**** Dataset records ****
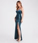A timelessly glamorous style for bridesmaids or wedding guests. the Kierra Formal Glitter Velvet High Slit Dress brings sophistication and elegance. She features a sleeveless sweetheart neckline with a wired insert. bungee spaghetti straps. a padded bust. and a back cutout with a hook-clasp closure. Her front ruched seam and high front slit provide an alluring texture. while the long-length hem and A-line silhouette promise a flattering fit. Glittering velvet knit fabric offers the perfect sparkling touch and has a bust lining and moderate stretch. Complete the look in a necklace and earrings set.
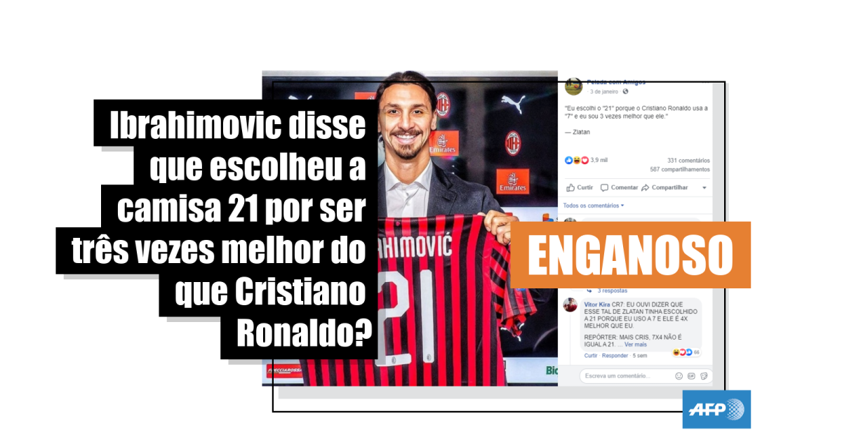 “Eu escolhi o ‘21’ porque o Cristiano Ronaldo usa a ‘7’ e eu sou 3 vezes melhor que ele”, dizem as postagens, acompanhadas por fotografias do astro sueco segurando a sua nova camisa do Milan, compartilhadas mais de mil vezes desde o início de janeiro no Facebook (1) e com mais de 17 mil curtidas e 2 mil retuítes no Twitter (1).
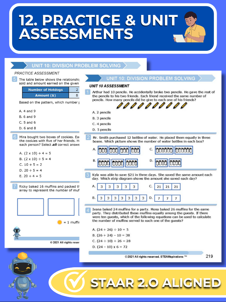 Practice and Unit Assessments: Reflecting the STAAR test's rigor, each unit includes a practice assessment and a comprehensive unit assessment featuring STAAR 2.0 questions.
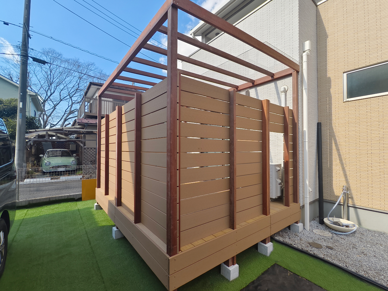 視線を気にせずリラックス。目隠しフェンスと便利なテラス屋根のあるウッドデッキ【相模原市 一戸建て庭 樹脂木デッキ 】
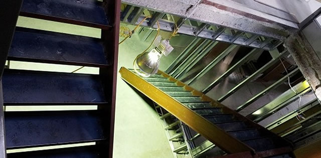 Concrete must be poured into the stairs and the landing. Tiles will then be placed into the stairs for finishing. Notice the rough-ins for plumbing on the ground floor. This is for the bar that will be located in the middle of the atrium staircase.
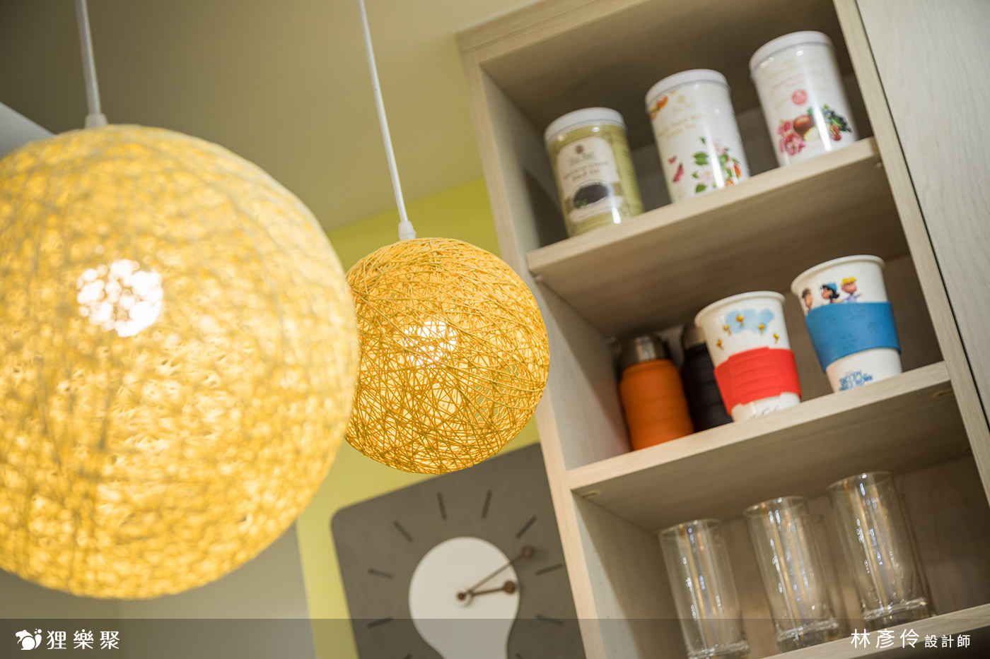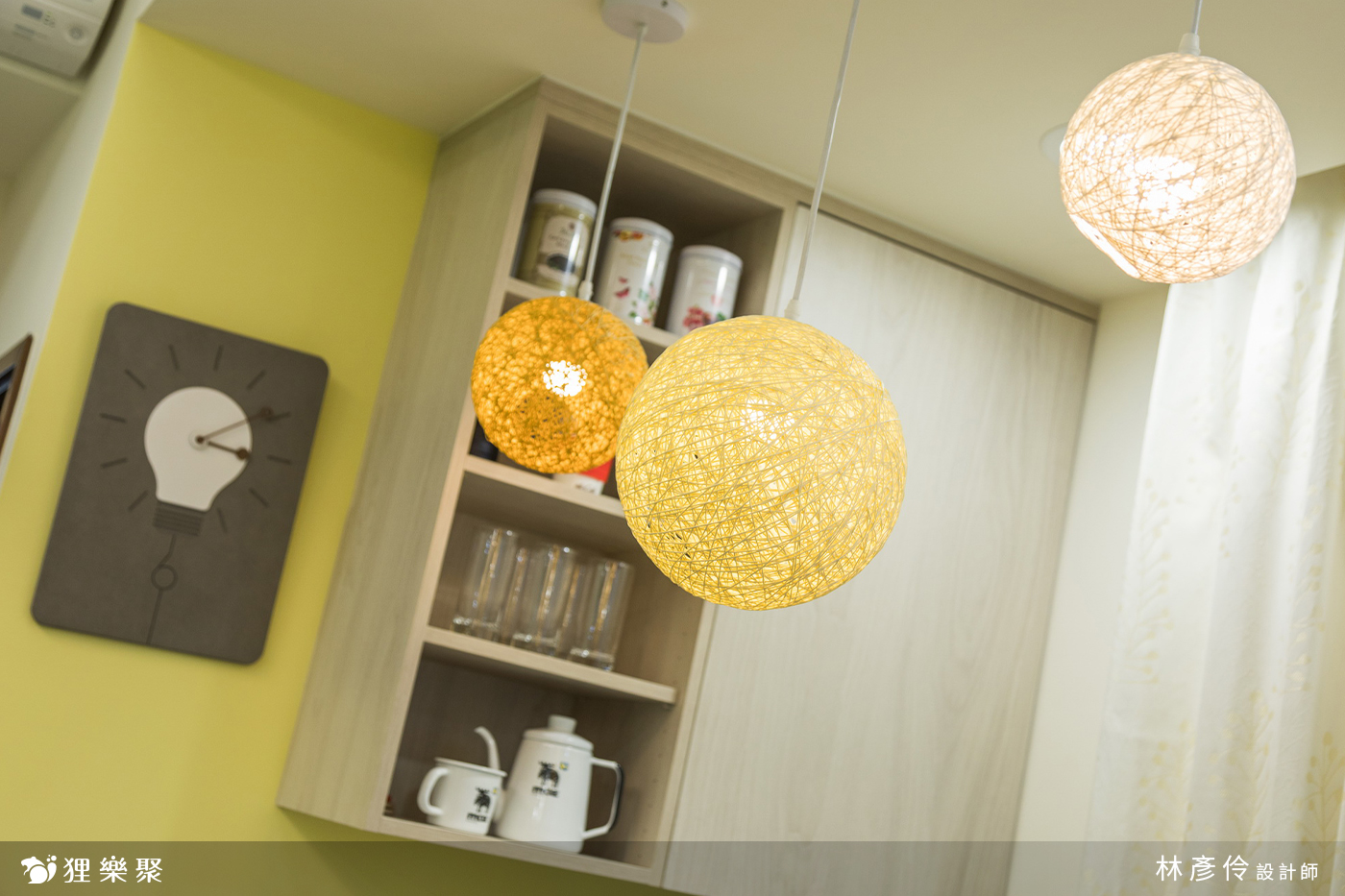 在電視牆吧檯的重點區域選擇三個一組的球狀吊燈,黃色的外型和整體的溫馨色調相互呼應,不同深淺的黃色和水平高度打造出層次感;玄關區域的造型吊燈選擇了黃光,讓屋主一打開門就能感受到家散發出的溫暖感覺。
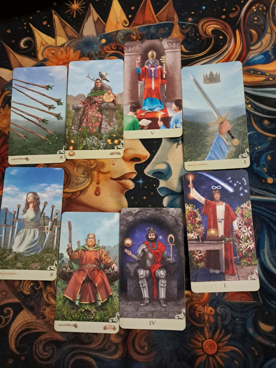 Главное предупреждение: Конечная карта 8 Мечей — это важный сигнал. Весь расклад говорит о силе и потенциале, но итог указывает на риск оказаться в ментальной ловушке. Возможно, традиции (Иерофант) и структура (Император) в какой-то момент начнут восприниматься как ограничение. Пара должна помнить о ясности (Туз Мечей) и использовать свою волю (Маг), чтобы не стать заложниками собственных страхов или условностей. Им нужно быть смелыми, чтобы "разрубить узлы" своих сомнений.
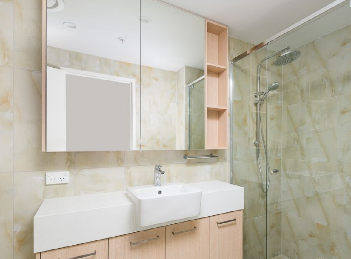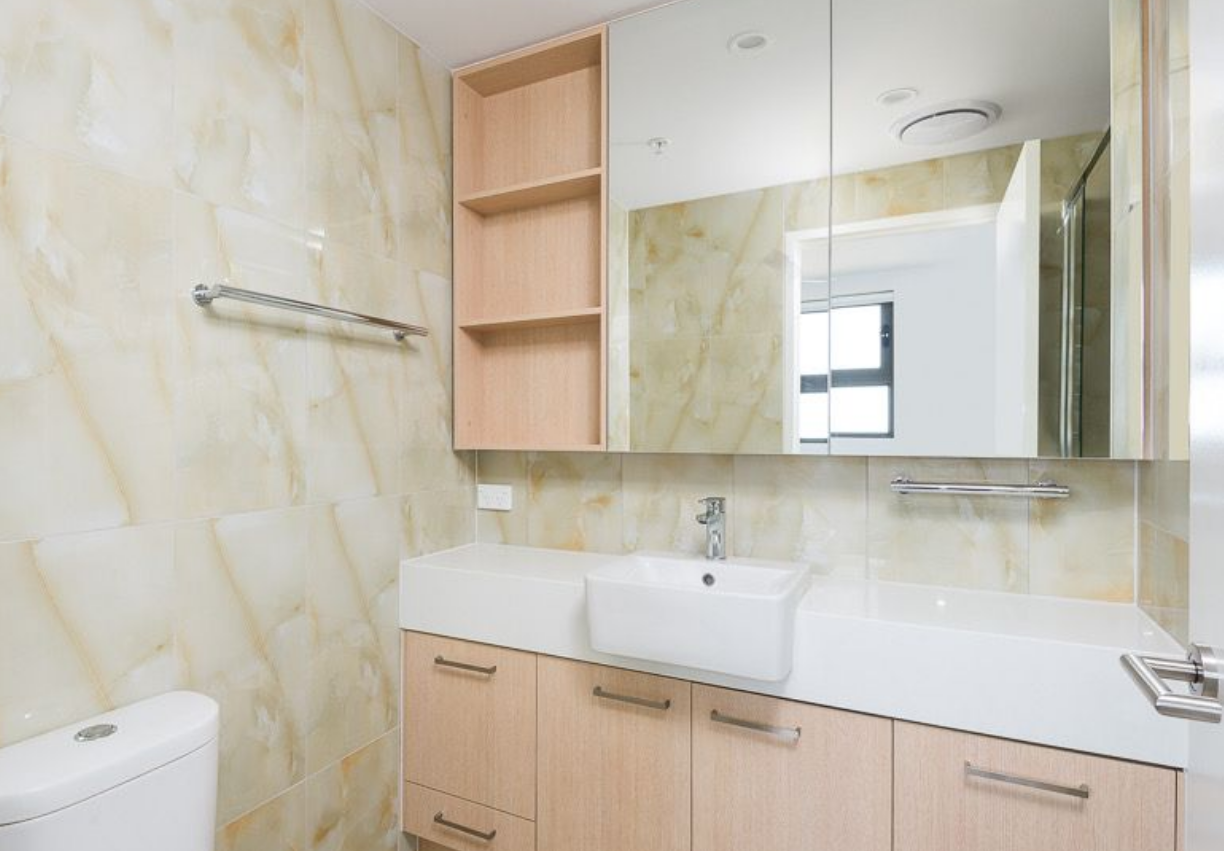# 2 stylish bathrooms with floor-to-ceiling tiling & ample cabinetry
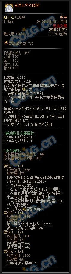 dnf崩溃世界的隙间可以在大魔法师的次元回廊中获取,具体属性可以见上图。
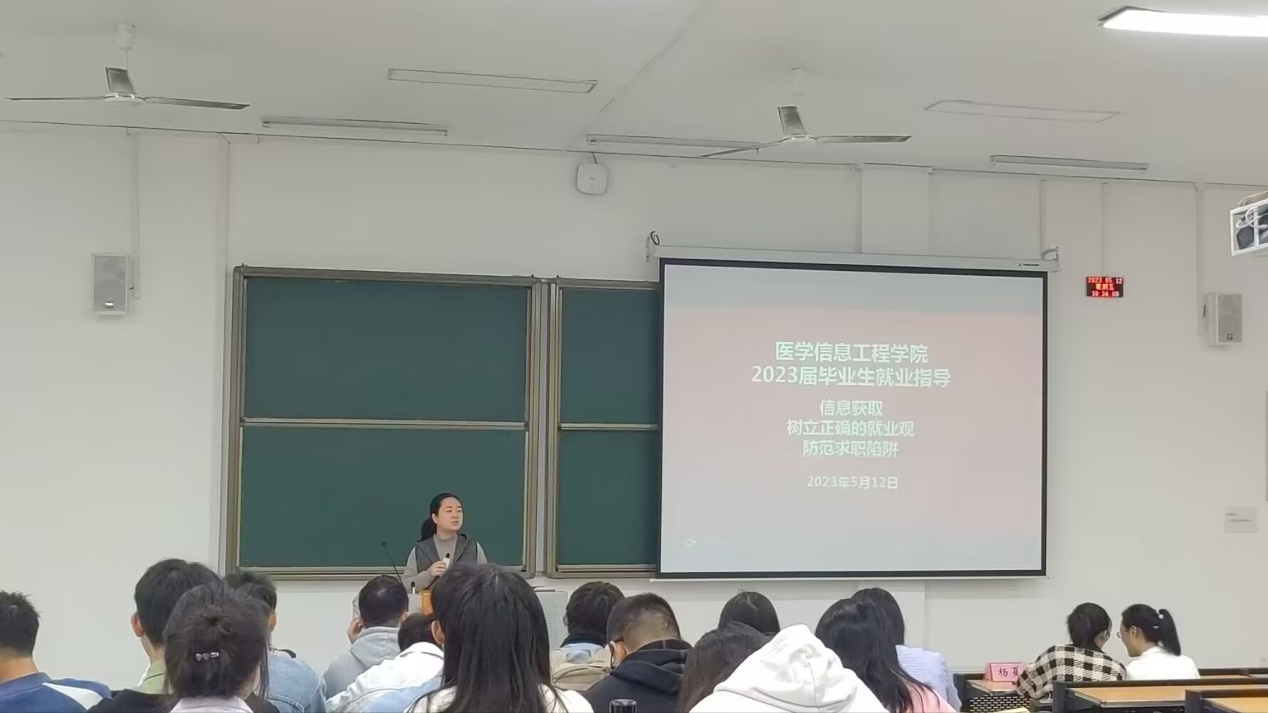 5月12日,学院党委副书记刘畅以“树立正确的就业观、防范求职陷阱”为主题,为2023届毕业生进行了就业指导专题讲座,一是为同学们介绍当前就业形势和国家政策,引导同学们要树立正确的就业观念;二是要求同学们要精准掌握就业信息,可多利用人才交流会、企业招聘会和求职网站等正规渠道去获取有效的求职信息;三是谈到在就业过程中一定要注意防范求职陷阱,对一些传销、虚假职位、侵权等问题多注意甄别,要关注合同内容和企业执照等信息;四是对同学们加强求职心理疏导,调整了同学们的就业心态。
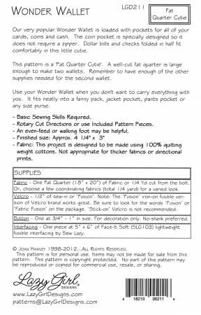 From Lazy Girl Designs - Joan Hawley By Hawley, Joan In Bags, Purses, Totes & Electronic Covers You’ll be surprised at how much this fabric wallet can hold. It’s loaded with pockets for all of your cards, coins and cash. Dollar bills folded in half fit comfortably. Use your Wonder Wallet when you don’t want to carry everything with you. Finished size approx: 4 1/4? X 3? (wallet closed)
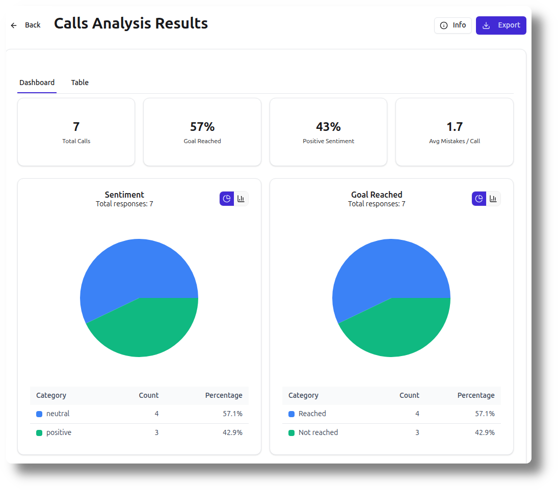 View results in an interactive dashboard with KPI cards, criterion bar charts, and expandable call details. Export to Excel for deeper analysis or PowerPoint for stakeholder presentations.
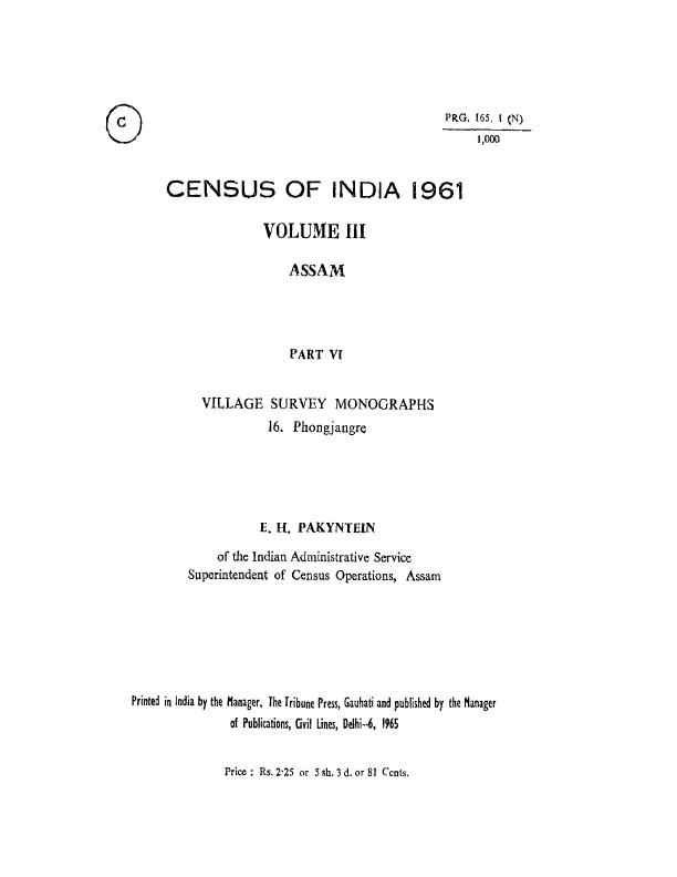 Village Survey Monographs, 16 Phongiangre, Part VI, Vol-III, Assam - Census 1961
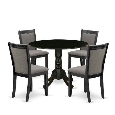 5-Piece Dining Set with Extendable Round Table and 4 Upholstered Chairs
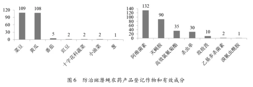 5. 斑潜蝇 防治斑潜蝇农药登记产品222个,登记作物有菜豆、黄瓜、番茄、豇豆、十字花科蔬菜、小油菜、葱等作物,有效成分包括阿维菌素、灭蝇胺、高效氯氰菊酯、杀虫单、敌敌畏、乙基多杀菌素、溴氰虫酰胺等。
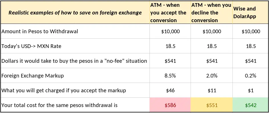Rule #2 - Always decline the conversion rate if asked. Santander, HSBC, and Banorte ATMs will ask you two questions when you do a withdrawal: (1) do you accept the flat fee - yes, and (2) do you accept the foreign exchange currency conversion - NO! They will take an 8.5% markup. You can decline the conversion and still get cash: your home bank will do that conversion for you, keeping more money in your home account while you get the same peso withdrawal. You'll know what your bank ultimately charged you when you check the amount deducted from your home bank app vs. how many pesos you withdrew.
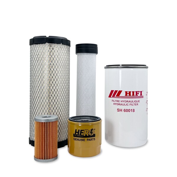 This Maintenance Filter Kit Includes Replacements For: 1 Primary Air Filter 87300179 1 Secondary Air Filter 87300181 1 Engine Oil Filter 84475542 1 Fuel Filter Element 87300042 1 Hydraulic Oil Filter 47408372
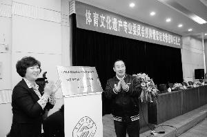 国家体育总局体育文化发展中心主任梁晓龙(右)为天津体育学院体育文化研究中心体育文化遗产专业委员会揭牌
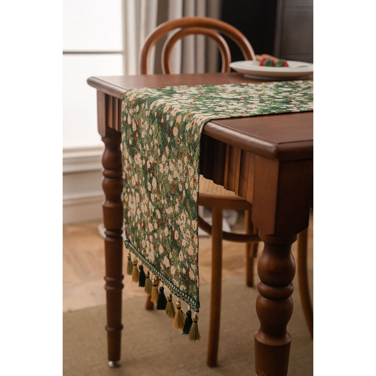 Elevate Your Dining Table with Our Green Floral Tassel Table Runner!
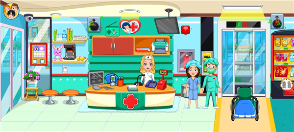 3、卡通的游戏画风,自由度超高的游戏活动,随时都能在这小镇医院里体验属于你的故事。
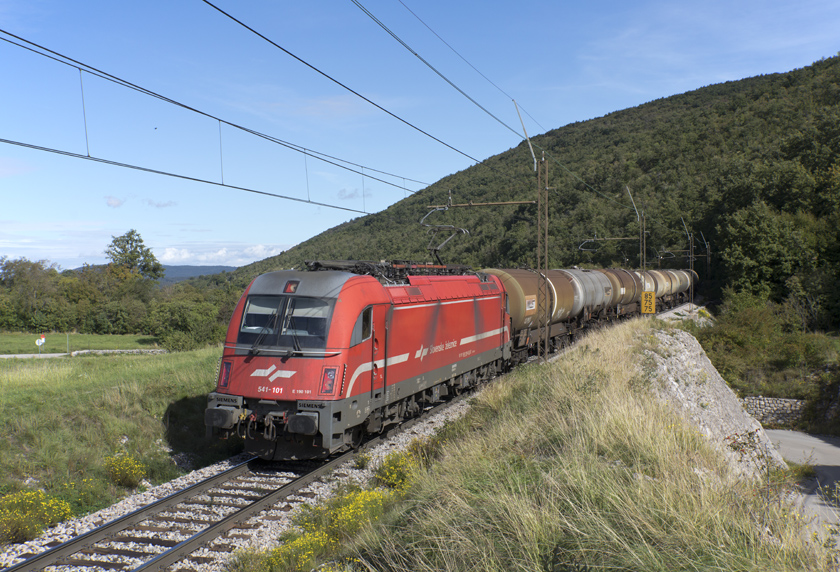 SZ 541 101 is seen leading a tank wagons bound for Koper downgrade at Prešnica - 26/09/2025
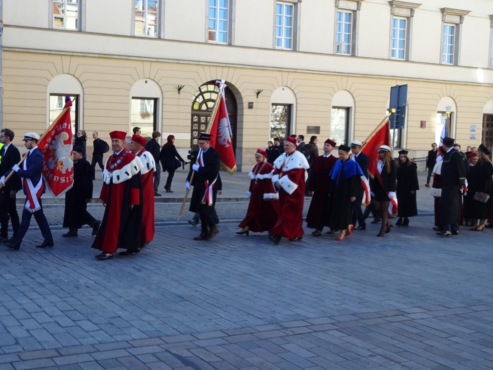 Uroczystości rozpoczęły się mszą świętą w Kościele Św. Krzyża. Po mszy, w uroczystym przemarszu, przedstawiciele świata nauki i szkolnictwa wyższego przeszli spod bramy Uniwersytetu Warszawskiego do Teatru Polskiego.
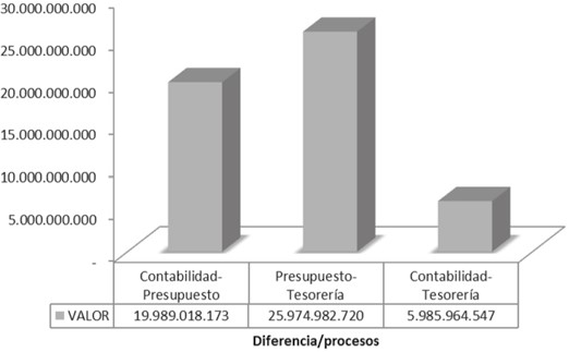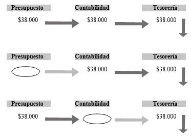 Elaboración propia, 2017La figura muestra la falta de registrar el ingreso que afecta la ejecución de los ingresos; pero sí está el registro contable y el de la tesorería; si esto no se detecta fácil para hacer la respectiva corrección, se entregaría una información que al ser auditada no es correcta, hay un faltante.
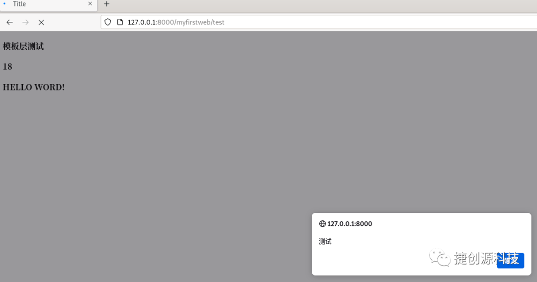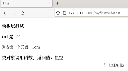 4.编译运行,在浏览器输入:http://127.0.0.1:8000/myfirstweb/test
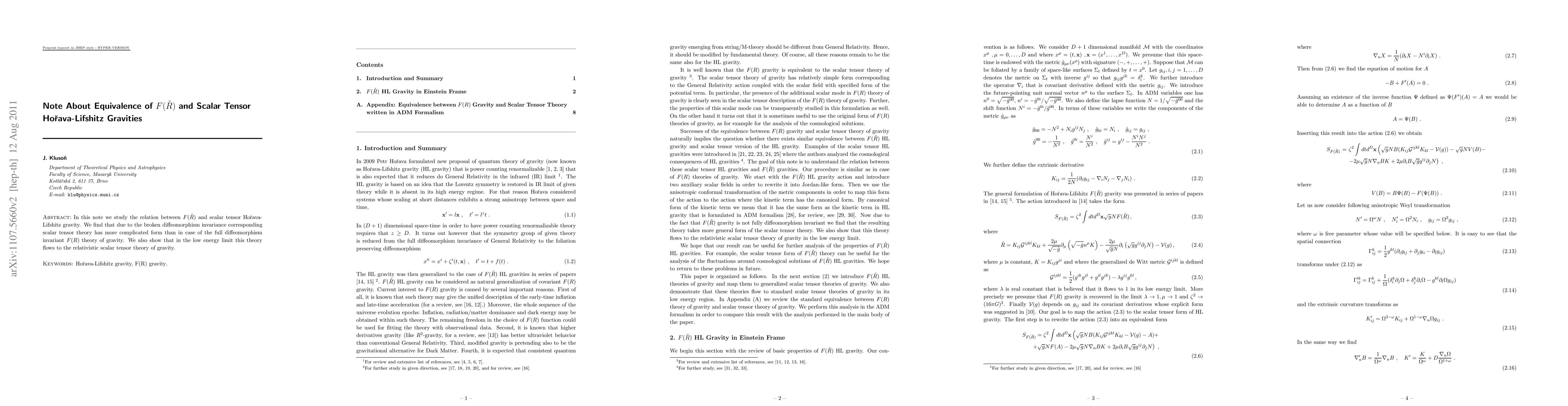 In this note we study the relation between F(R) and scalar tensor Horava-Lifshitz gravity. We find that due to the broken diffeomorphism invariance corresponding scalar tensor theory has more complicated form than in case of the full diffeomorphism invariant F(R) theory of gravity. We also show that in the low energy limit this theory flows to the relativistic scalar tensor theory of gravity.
****
» **What to produce**:
What you return from the records above should be exactly everything from the line with "国家体育总局体育文化发展中心" down to the line with "4.编译运行,在浏览器输入:http:/", both kept, and no pictures.

» **Your solution**:
 国家体育总局体育文化发展中心主任梁晓龙(右)为天津体育学院体育文化研究中心体育文化遗产专业委员会揭牌
 Elevate Your Dining Table with Our Green Floral Tassel Table Runner!
 3、卡通的游戏画风,自由度超高的游戏活动,随时都能在这小镇医院里体验属于你的故事。
 SZ 541 101 is seen leading a tank wagons bound for Koper downgrade at Prešnica - 26/09/2025
 Uroczystości rozpoczęły się mszą świętą w Kościele Św. Krzyża. Po mszy, w uroczystym przemarszu, przedstawiciele świata nauki i szkolnictwa wyższego przeszli spod bramy Uniwersytetu Warszawskiego do Teatru Polskiego.
 Elaboración propia, 2017La figura muestra la falta de registrar el ingreso que afecta la ejecución de los ingresos; pero sí está el registro contable y el de la tesorería; si esto no se detecta fácil para hacer la respectiva corrección, se entregaría una información que al ser auditada no es correcta, hay un faltante.
 4.编译运行,在浏览器输入:http://127.0.0.1:8000/myfirstweb/test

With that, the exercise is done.